Re: Task manager errors with Flink ZooKeeper High Availability

2022-02-23 Thread Sigalit Eliazov

Thanks for the response on this issue.
with the same configuration defined

*high-availability: zookeeper*

*high-availability.zookeeper.quorum: zk-noa-edge-infra:2181*

*high-availability.zookeeper.path.root: /flink*

*high-availability.storageDir: /flink_state*

*high-availability.jobmanager.port: 6124*

for the storageDir, we are using a k8s persistent volume with ReadWriteOnce

Currently we are facing a new issue. the task managers are able to register
to the job manager via this address */:6124*

 but when trying to run tasks we get an error from a BlobClient

java.io.IOException: Failed to fetch BLOB
e78e9574da4f5e4bdbc8de9678ebfb36/p-650534cd619de1069630141f1dcc9876d6ce2ce0-ee11ae52caa20ff81909708a783fd596
from /: and store it under
/hadoop/yarn/local/usercache/hdfs/appcache/application_1570784539965_0165/blobStore-79420f3a-6a83-40d4-8058-f01686a1ced8/incoming/temp-0072
at
org.apache.flink.runtime.blob.BlobClient.downloadFromBlobServer(BlobClient.java:169)
at
org.apache.flink.runtime.blob.AbstractBlobCache.getFileInternal(AbstractBlobCache.java:181)
at
org.apache.flink.runtime.blob.PermanentBlobCache.getFile(PermanentBlobCache.java:202)
at
org.apache.flink.runtime.execution.librarycache.BlobLibraryCacheManager.registerTask(BlobLibraryCacheManager.java:120)
at
org.apache.flink.runtime.taskmanager.Task.createUserCodeClassloader(Task.java:915)
at org.apache.flink.runtime.taskmanager.Task.doRun(Task.java:595)
at org.apache.flink.runtime.taskmanager.Task.run(Task.java:530)
at java.lang.Thread.run(Thread.java:748)
Caused by: java.io.IOException: Could not connect to BlobServer at address
*/:6124*
at org.apache.flink.runtime.blob.BlobClient.(BlobClient.java:100)
at
org.apache.flink.runtime.blob.BlobClient.downloadFromBlobServer(BlobClient.java:143)
... 7 more
Caused by: java.net.SocketException: 
at java.net.Socket.createImpl(Socket.java:460)
at java.net.Socket.connect(Socket.java:587)
at org.apache.flink.runtime.blob.BlobClient.(BlobClient.java:95)

We see these errors both on the task manager and on the job manager.

regarding the job manager: does he access himself also via some external
service in order to fetch the blob?

Thanks

Sigalit

On Thu, Feb 17, 2022 at 3:51 PM Chesnay Schepler  wrote:

> You could reduce the log level of the PermanentBlobCache to WARN via the
> Log4j configuration.
> I think you could even filter this specific message with Log4j.
>
> On 17/02/2022 14:35, Koffman, Noa (Nokia - IL/Kfar Sava) wrote:
>
> Thanks,
>
> I understand that the functionality isn’t affected, this is very good news.
>
> But is there a way to either skip this check or skip logging it?

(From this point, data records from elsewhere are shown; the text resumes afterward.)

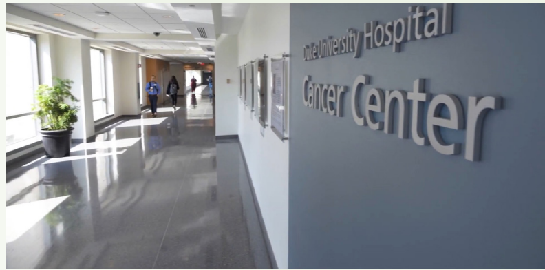
Durham is renowned for its world-class medical facilities.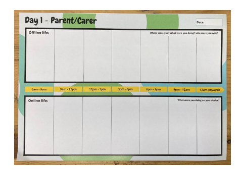
Example of parent media journal

In-home interviews were arranged to take place in the homes of participating families following the completion of their media journals and an introductory phone call with the researcher conducting the interview. Home visits lasted approximately four hours. These visits included two separate interviews: one with the parent and one with the lead child, as well as an hour of 'observation' during which the researcher was able to learn more about family relationships and communication at home.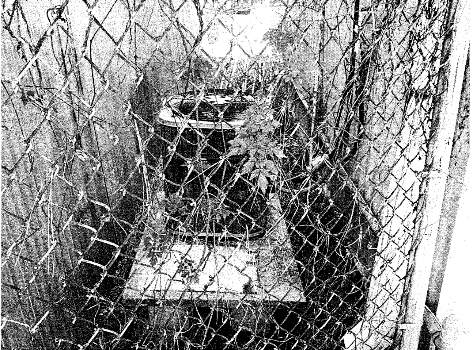
A/C UNIT ON CONCRETE BLOCKS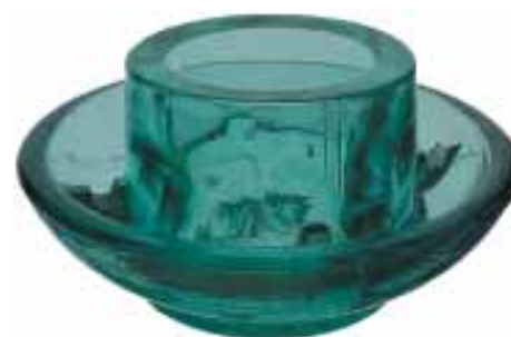
Figure 9: CD-29 no embossing, light-green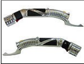
Lightsaber For 501st approval:

Items below are optional costume accessories. These items are not required for approval, but if present appear as described below.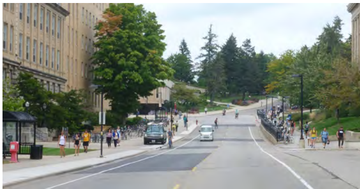
N. Charter Street (Existing) – Looking north toward Linden Drive

Perhaps the most difficult transportation challenge is the N. Charter Street and Linden Drive intersection, which has pedestrian volumes during class changes rivaling Midtown Manhattan intersections. The 2015 Campus Master Plan Update recommends a dramatic grade-separated pedestrian bridge. The bridge will flow with the existing topography, directly connecting pedestrian destinations east to west and serving as an extension of the landscape along Linden Drive.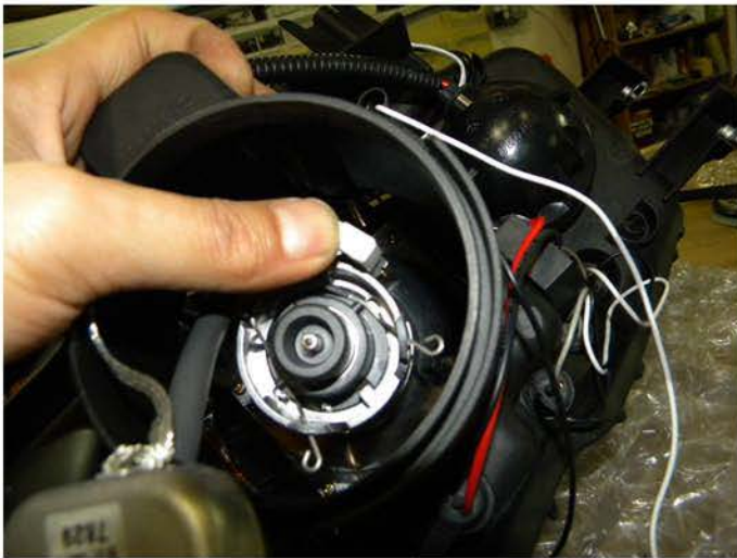
31. Connect the ground connector on the new headlight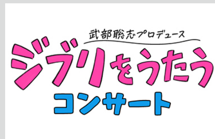
Ghibli Wo Utau [Sing Ghibli's songs] concert produced by Satoshi Takebe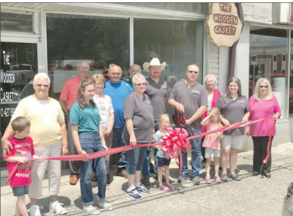
The Wooden Casket opened its doors in downtown Tompkinsville, offering beautiful, custom caskets at reasonable prices.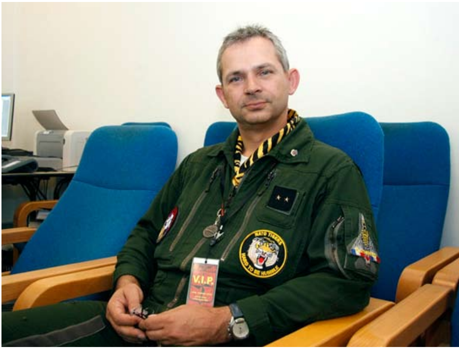
Général de brigade aérienne (Brigadegeneral) Denis Mercier from Armée de l'Air is convinced by the „Tiger Spirit“.

sometimes differs from the point of view of headquarters and is one of the keys to the success and effectiveness of the Tiger Meet. In the future it will be of great importance to continue to optimize operational training for the aircrews” explains General Mercier.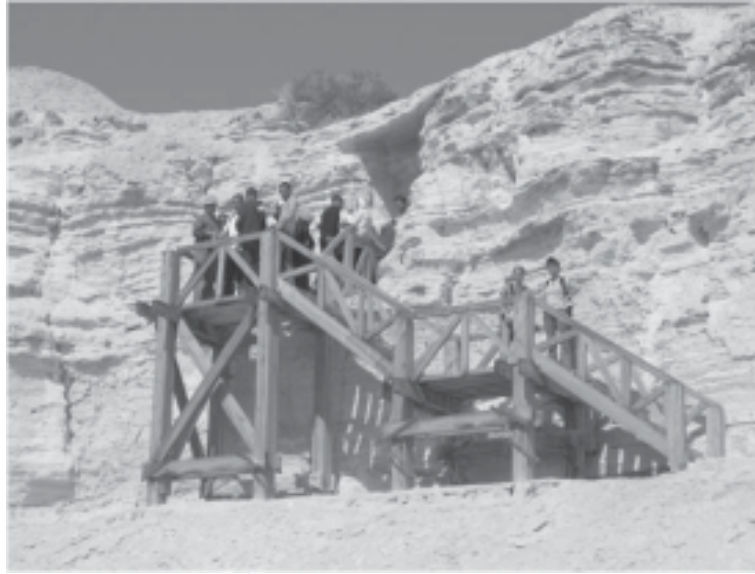
Fig. 7. The caves of the monks dug in the natural lissan marl

The natural threats on the discovered buildings of Bethany Beyond the Jordan could be classified as two types: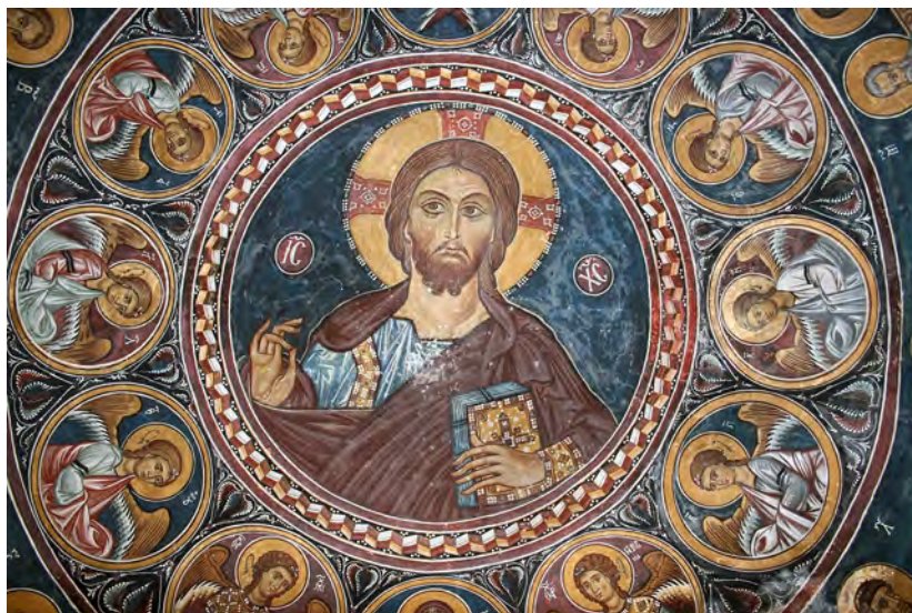
Pantokrator, Byzantine Church, Panagia Phorbiotissa, Asinou, Cyprus, 14 th c. Fresco.

The exhibition is open weekdays from 9 – 4 (except holidays; also closed Dec. 22 – Jan. 2).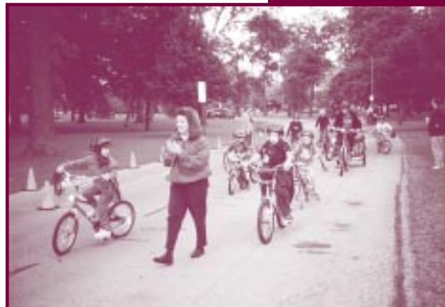
Children demonstrate safe biking skills in a bike rodeo course.

Other benefits for participants are community service education and skills in operating a business, repairing bicycles, overcoming the psychological barriers of geography, and riding a bike safely.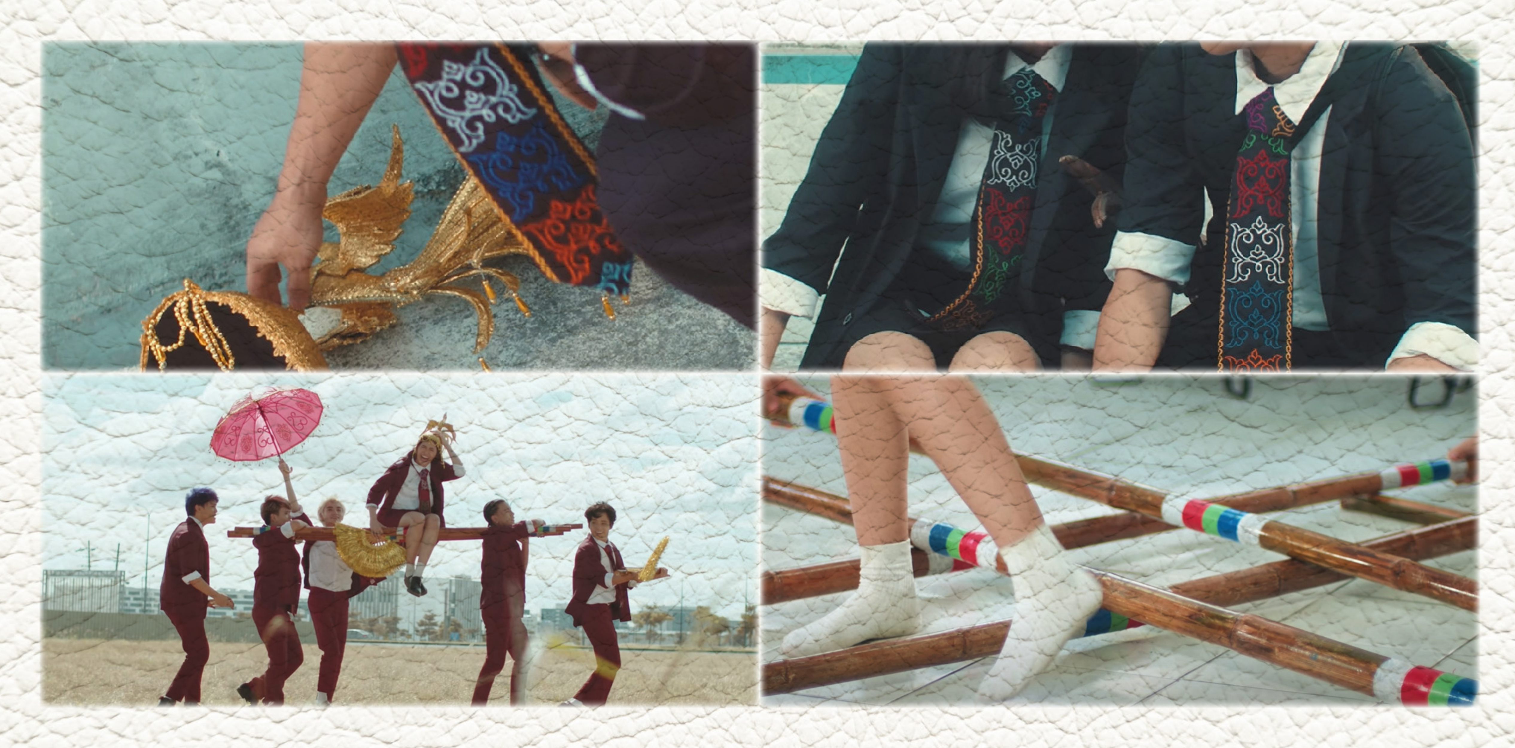
I was captivated by the rich Filipino elements hidden in every frame.

We see it
> in our log more the 400 times per task manager.
>
> It would be very helpful if the log level could be reduced, or the check
> could be skipped? Is there any way to achieve this?
>
>
>
> Thanks
>
> Noa
>
>
>
> *From: *Chesnay Schepler  
> *Date: *Thursday, 17 February 2022 at 15:00
> *To: *Koffman, Noa (Nokia - IL/Kfar Sava) 
> , Yun Gao 
> , user 
> 
> *Subject: *Re: Task manager errors with Flink ZooKeeper High Availability
>
> Everything is fine.
>
>
>
> The TM tries to retrieve the jar (aka, the blob), and there is a fast path
> to access it directly from storage. This fails (because it has no access to
> it), and then falls back to retrieving it from the JM.
>
>
>
> On 17/02/2022 13:49, Koffman, Noa (Nokia - IL/Kfar Sava) wrote:
>
> Hi,
>
> Thanks for your reply,
>
> Please see below the full stack trace, and the log message right after, it
> looks like it is trying to download via BlobClient after failing to
> download from store, as you have suggested.
>
> My question is, is there a way to avoid this attempt to copy from blob
> store? Is my configuration of task manager wrong?
>
> Currently we are using the same flink-conf.yaml file for both job manager
> and task managers, which include the high-availability configuration
> mentioned below, should these be remove from the task managers?
>
>
>
>
>
> *2022-02-17 07:19:45,408 INFO
> org.apache.flink.runtime.blob.PermanentBlobCache [] - Failed to
> copy from blob store. Downloading from BLOB server instead.*
>
> *java.io.FileNotFoundException:
> /flink_state/default/blob/job_0ddba6dd21053567981e11bda8da7c8e/blob_p-4ff16c9e641ba8803e55d62a6ab2f6d05512373e-92d38bfb5719024adf4c72b086184d76
> (No such file or directory)*
>
> *at java.io.FileInputStream.open0(Native Method) ~[?:?]*
>
> *at java.io.FileInputStream.open(Unknown Source) ~[?:?]*
>
> *at java.io.FileInputStream.(Unknown Source) ~[?:?]*
>
> *at
> org.apache.flink.core.fs.local.LocalDataInputStream.(LocalDataInputStream.java:50)
> ~[flink-dist_2.11-1.13.5.jar:1.13.5]*
>
> *at
> org.apache.flink.core.fs.local.LocalFileSystem.open(LocalFileSystem.java:134)
> ~[flink-dist_2.11-1.13.5.jar:1.13.5]*
>
> *

状态初始化

2022-02-23 Thread huangzhi...@iwgame.com


flink是否能够做到程序第一次启动还没有checkpoint的情况下，对状态进行初始化？


huangzhi...@iwgame.com

Re: Restart from checkpoint - kinesis consumer

2022-02-23 Thread Danny Cranmer

Hello Vijay,

> Once i do that my flink consumer need to be restarted with changed
parallelism.
Why is this? The Flink consumer continuously scans for new shards, and will
auto scale up/down the number of shard consumer threads to
accommodate Kinesis resharding. Flink job/operator parallelism does not
need to match the number of Kinesis shards.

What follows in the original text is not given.